Suppose that I have a continuously differentiable function $f : [a,b] \to \mathbb{R}$ such that $f(a)=f(b)$, and hence the slope of the secant line between $(a,f(a))$ and $(b,f(b))$ equals zero. Suppose also that we have an upper bound $|f'(x)| \le B$ for all $x \in [a,b]$, and we imagine that $B$ is very close to zero. Consider the calculus expression the length of the graph $\Gamma = \{(x,f(x) \,|\, x \in [a,b]\}$
$$\text{Length}(\Gamma) = \int_a^b \sqrt{1 + f'(x)^2} \, dx \,
$$
What can be said about the value of this expression?

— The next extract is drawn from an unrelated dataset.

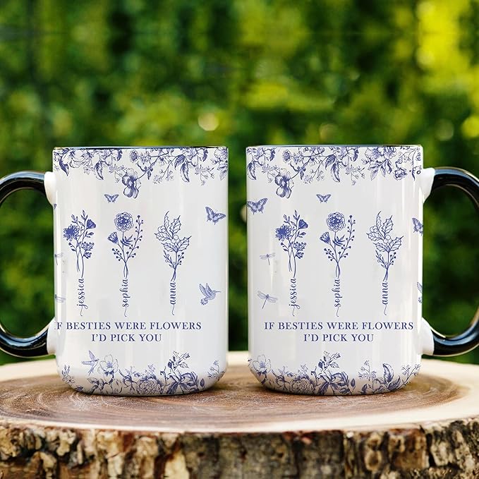Personalized Best Friend Mug - Custom Floral Design - Birthday Gift for Bestie - Unique Friendship Cup - Thoughtful Gift for Best Friends - Custom Photo Mug for Best Friends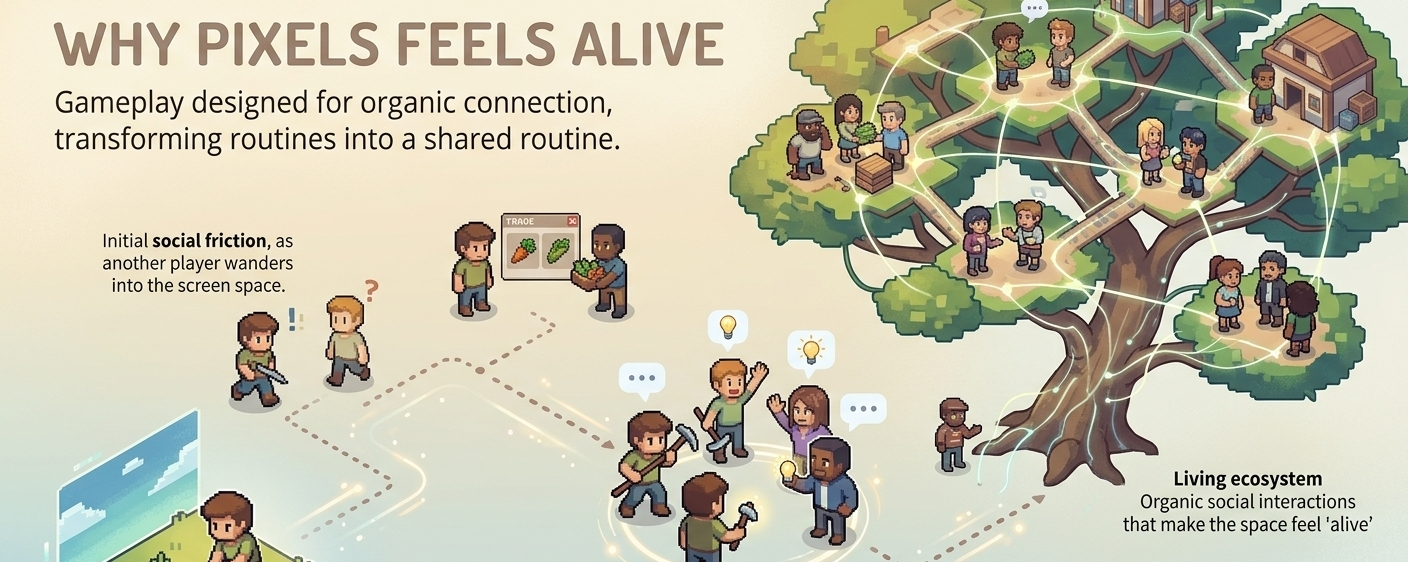 I didn’t really think much of it at first. Pixels just looked like another one of those games where you log in, do your own thing, maybe interact a little if you feel like it, then log out and come back later. Nothing special on the surface.

Well, we have an estimate for the integrand of the form
$$1 \le \sqrt{1 + f'(x)^2} \le \sqrt{1+B^2}
$$
which leads to a length estimate
$$\text{Length}[a,b] \le \text{Length}(\Gamma) \le \sqrt{1+B^2} \, \text{Length}[a,b]
$$
which leads to a length ratio estimate
$$1 \le \frac{\text{Length}(\Gamma)}{\text{Length}[a,b]} \le \sqrt{1+B^2}
$$
So as the bound $B$ gets closer and closer to zero, the length ratio gets closer and closer to $1$.
One can generalize this to the case that $f(a) \ne f(b)$, where the nature of the slope bound should be expressed in terms of the angle of the tangent line at each point compared to the angle of the secant line between $(a,f(a))$ and $(b,f(b)$, rather than in terms of slopes. One again obtains a uniformly bounded ratio of lengths, expressed in terms of a bound in the differences between angles.
Getting back to why 1 and 2 give the same result, the point is that if one chooses the partition $a=t_0<t_1<...<t_N=b$ to be very fine, uniform continuity of $\gamma'(t)$ guarantees that on the very short subinterval $[t_{n-1},t_n]$ the angle of $\gamma'(t)$ is very close to the angle of the secant segment approximation that connects the two points $\gamma(t_{n-1})$ and $\gamma(t_n)$ (where "very close" means that the bound is uniform over the segments). Therefore the integral expression for $n^{\text{th}}$ arc of $\gamma$, namely $\text{Length}(\gamma[t_{n-1},t_n])$, and the $n^{\text{th}}$ secant segment length, namely $\bigl| \gamma(t_n)-\gamma(t_{n-1})\bigr|$, have a ratio that is very close to $1$. Taking the sum from $n=1$ to $N$ we see that $1$ and $2$ have ratio that is very close to $1$. The ratio gets close and closer as the partition gets finer and finer, and hence 1 and 2 give the same answer.